Letter from Japan: Learning the language of silence

In most countries of the world it helps to know the language a little before you arrive; in Japan, it can only be an impediment. Words tend to get in the way, and the ideal conversation for most of the Japanese I’ve lived among for 22 years is one in which as few words as possible are exchanged. The country fashions itself more as a family than a free-for-all, and as in any close setting, if you really know someone, you listen less to her words than to her pauses, her hesitations, her tone of voice, everything she leaves out. The main language to learn when you come to Japan is silence.

I got a crash-course in this elusive tongue, harder to translate than Hungarian, when I went with my Japanese sweetheart to the templed island of Miyajima not so long ago. I knew that the place would be packed with Japanese visitors — we were going on a holiday weekend in early November — eager to enjoy its celebrated maple trees, its strolling deer and “white raccoons,” the Itsukushima shrine set out on the sea, as shrines had been set here for fifteen hundred years. So I found a list of traditional Japanese inns on the island and made some calls several weeks in advance. At one of the numbers, remarkably, the phone was answered by the sweetest and most mellifluous voice I’d heard in years, switching within a syllable to perfect English.

I asked if she had a room available for the first weekend in November.

“Of course,” came the trilling answer. “Would you like a Western room or a Japanese?”

“Western,” I said, remembering too many nights sneezing on tatami mats.

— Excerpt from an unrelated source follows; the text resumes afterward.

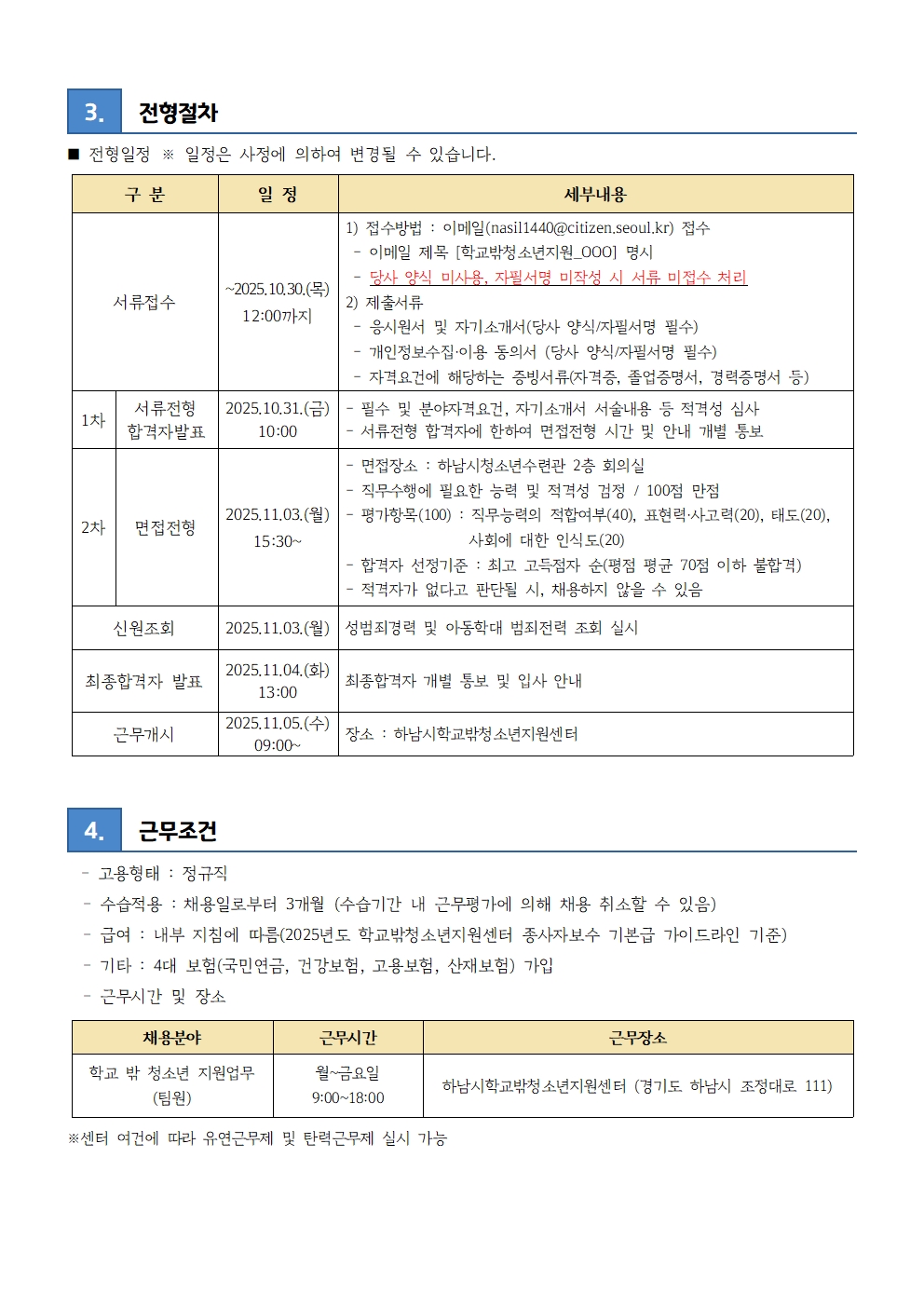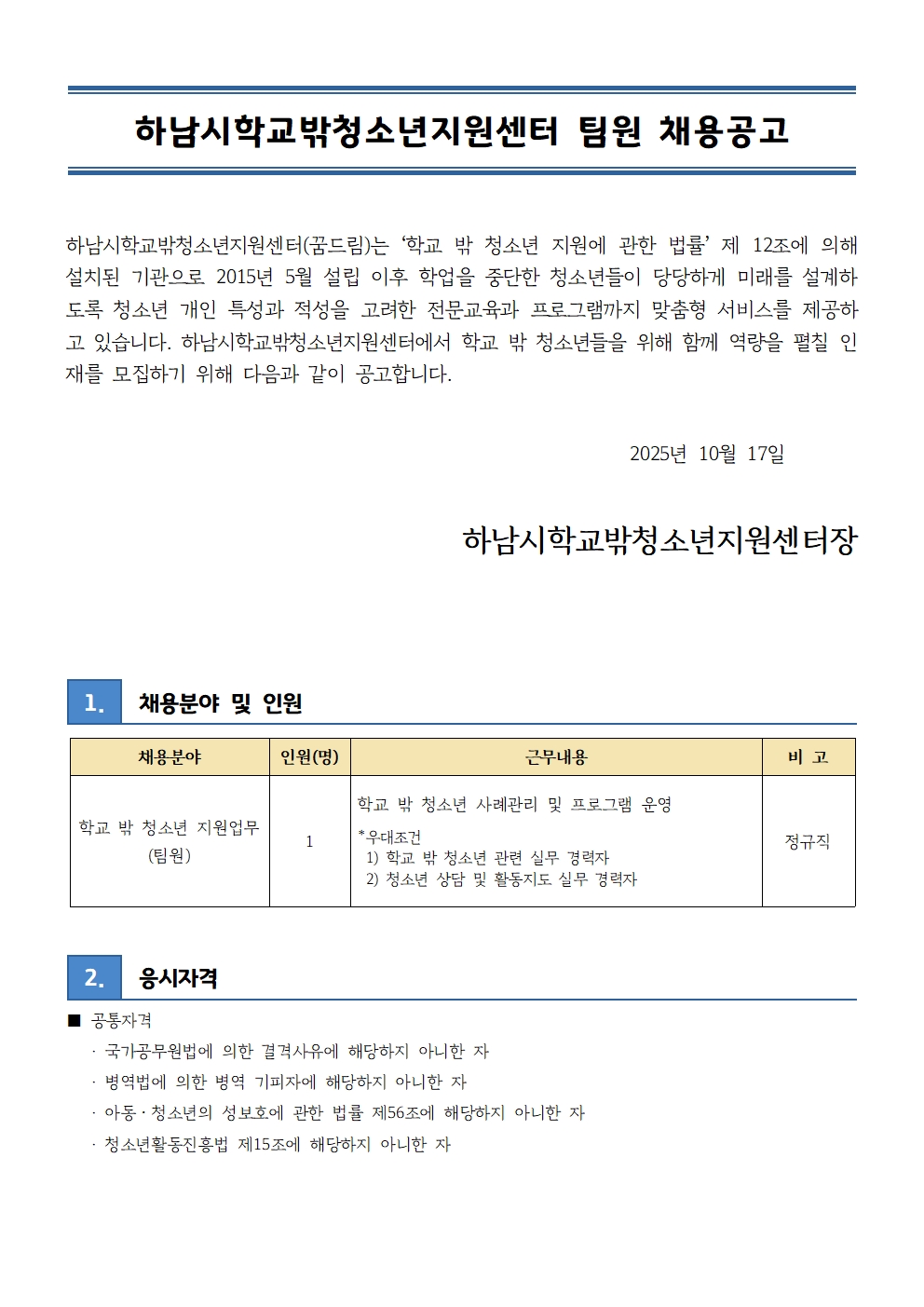[채용] 하남시학교밖청소년지원센터 팀원 채용 공고(~10.30. 12:00까지)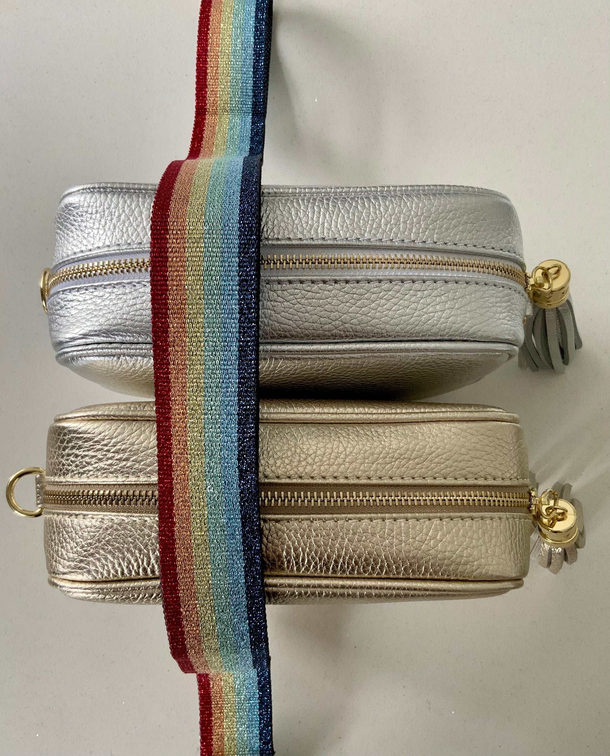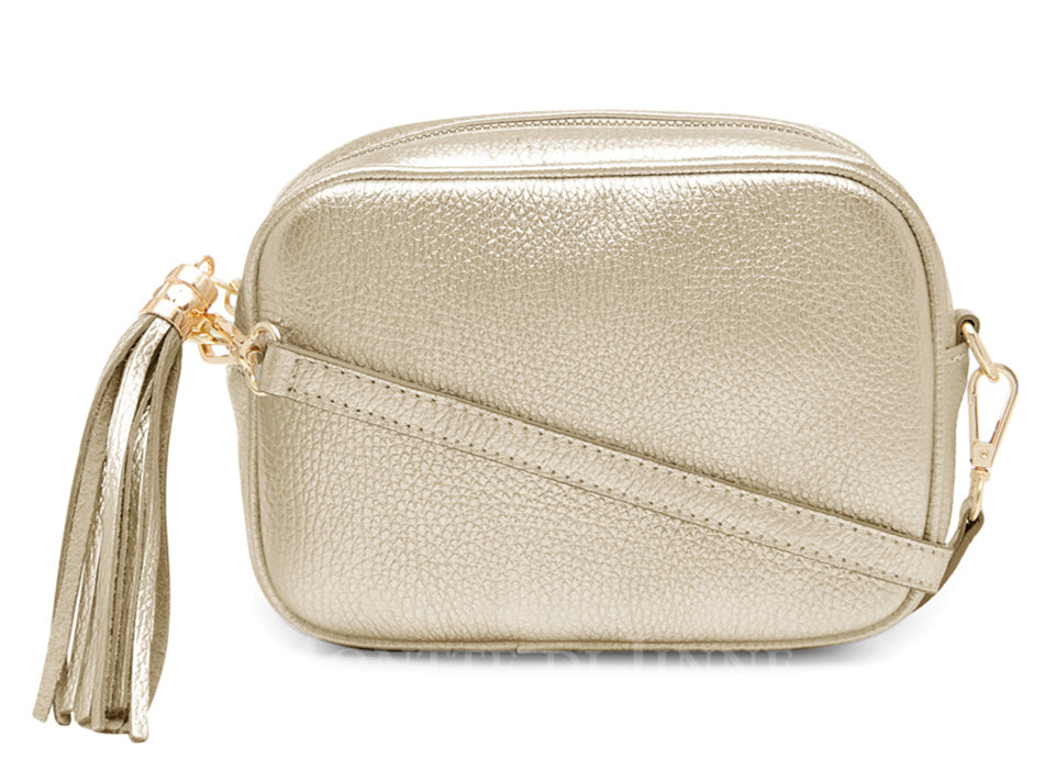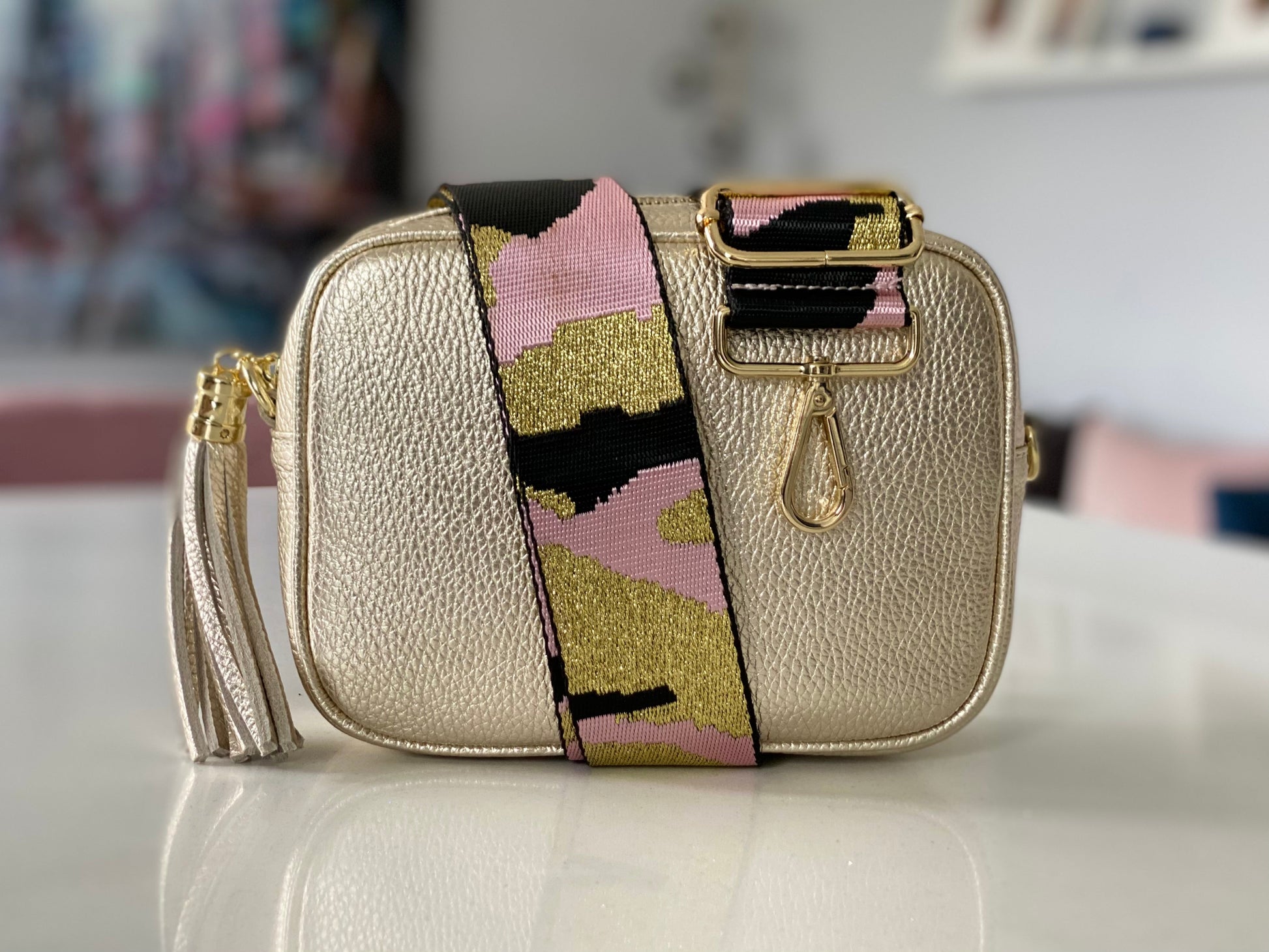 Fabulous real Italian Leather box bag with tassel in a gorgeous gold! The bag has a detachable, adjustable leather strap in the same colour as the bag or you can jazz it up with one of the statement bag straps!

“Okay. I’ll be waiting for you!”

Was that all, I wondered? Was something wrong? I queried her some more, and she said, in the most lilting and almost hypnotic English I’d heard in months, “Our rooms are very small, I’m afraid, but our food is good. I’ll be waiting for you.”I put down the phone with the strangest feelings. There was something so intimate and warming about the encounter that I’d felt as if I’d been admitted to a bedroom. Not in a seductive way, but in the form of an ideal reassurance. Japan styles itself publicly as a perfect mother — polite, attentive, consoling — and now, somehow, even I had been brought into the circle of her attention. I didn’t remember, for the moment, the classic wisdom here about how the greater the impression of intimacy, the deeper the probable distance (a lesson I could also have learned in my native England). I just rejoiced in the medicinal sweetness. Suggestion is only a half-note away from assertion in Japan, and it would take a Henry James to tell the velvet glove from the fist within it.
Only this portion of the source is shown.